● **Exercise aim**
For the lines from the one with "港股市场早间先涨为敬:恒指高" to the end of the listing below, both ends included, give an exact copy and nothing more. Do not copy pictures.

● **Information supplied**
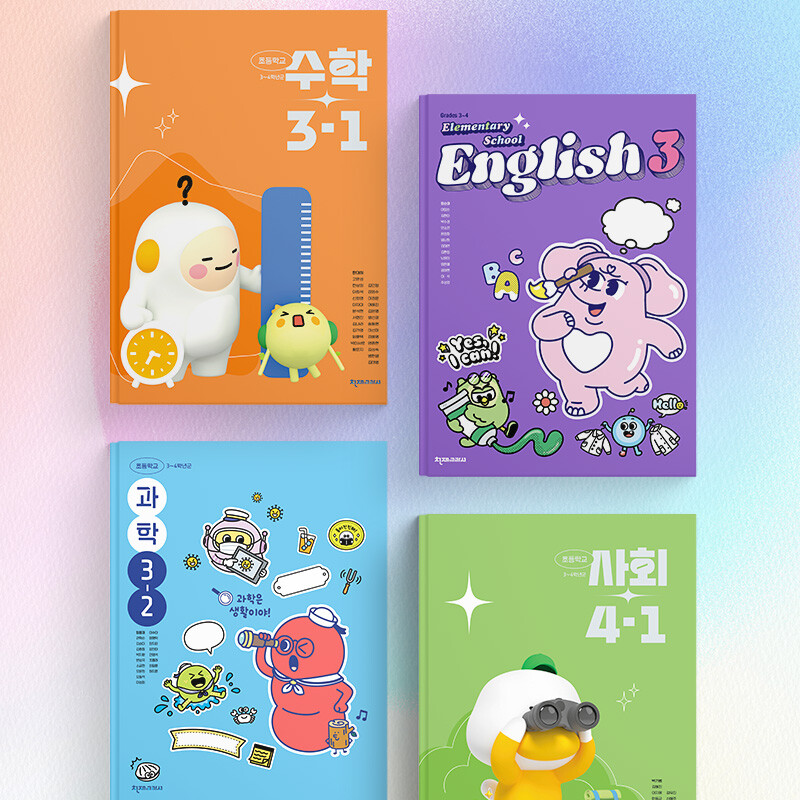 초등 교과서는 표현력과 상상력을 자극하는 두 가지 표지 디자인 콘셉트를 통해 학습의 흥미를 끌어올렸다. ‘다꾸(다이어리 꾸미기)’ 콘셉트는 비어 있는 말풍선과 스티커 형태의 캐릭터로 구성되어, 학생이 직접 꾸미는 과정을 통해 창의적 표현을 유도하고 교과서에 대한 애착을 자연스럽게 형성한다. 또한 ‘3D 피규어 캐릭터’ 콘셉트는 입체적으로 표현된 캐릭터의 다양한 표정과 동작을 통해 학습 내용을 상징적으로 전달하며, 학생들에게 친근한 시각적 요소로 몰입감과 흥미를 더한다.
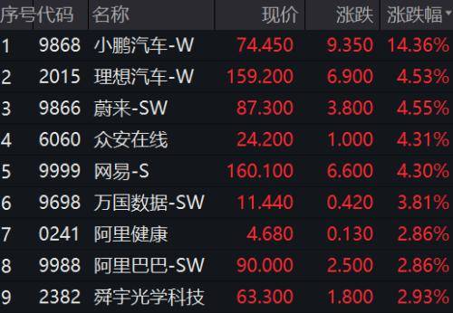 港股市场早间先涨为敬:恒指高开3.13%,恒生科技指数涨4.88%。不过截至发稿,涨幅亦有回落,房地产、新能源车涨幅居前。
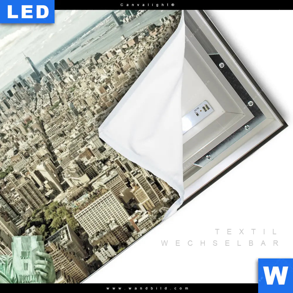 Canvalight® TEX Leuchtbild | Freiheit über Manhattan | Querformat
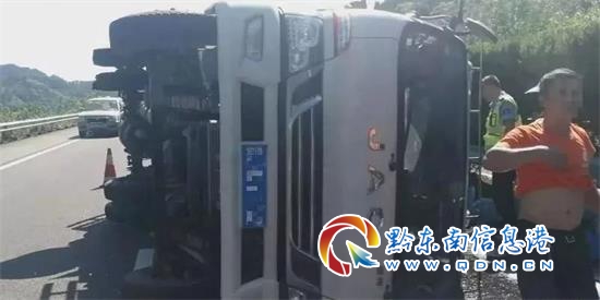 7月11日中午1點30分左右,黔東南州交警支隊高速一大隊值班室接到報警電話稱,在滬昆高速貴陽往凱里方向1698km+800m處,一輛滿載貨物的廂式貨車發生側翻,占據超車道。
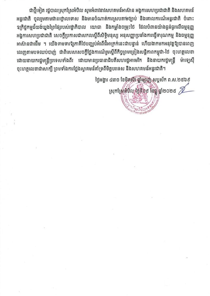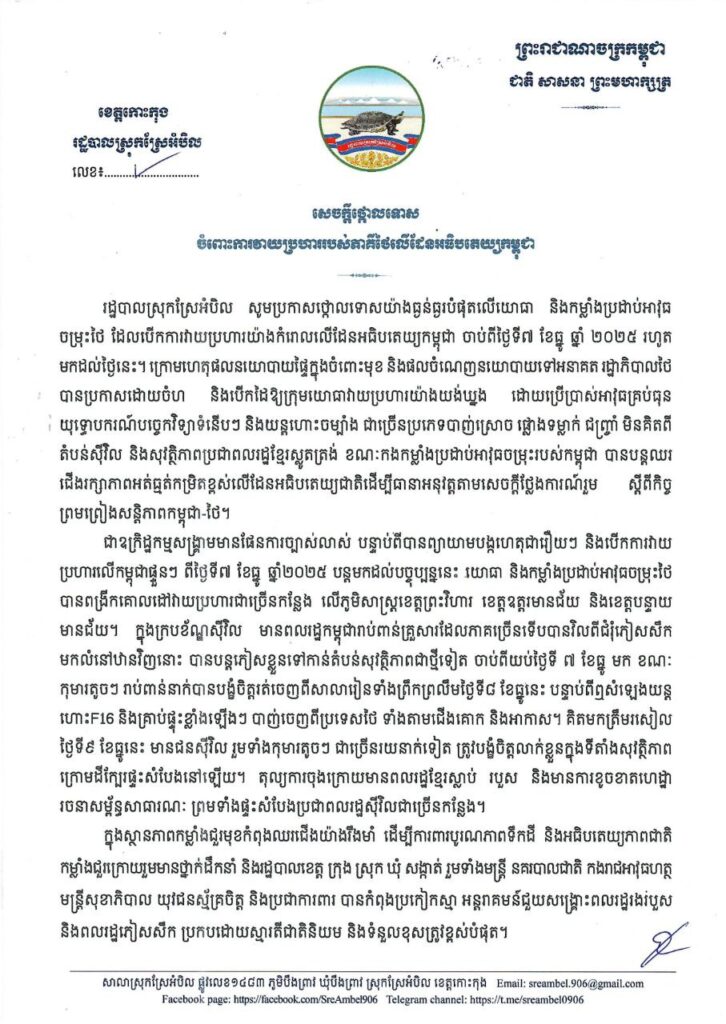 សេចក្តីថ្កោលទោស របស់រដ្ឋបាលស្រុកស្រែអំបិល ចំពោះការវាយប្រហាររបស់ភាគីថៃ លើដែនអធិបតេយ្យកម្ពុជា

● **Output of the task**
 港股市场早间先涨为敬:恒指高开3.13%,恒生科技指数涨4.88%。不过截至发稿,涨幅亦有回落,房地产、新能源车涨幅居前。
 Canvalight® TEX Leuchtbild | Freiheit über Manhattan | Querformat
 7月11日中午1點30分左右,黔東南州交警支隊高速一大隊值班室接到報警電話稱,在滬昆高速貴陽往凱里方向1698km+800m處,一輛滿載貨物的廂式貨車發生側翻,占據超車道。
 សេចក្តីថ្កោលទោស របស់រដ្ឋបាលស្រុកស្រែអំបិល ចំពោះការវាយប្រហាររបស់ភាគីថៃ លើដែនអធិបតេយ្យកម្ពុជា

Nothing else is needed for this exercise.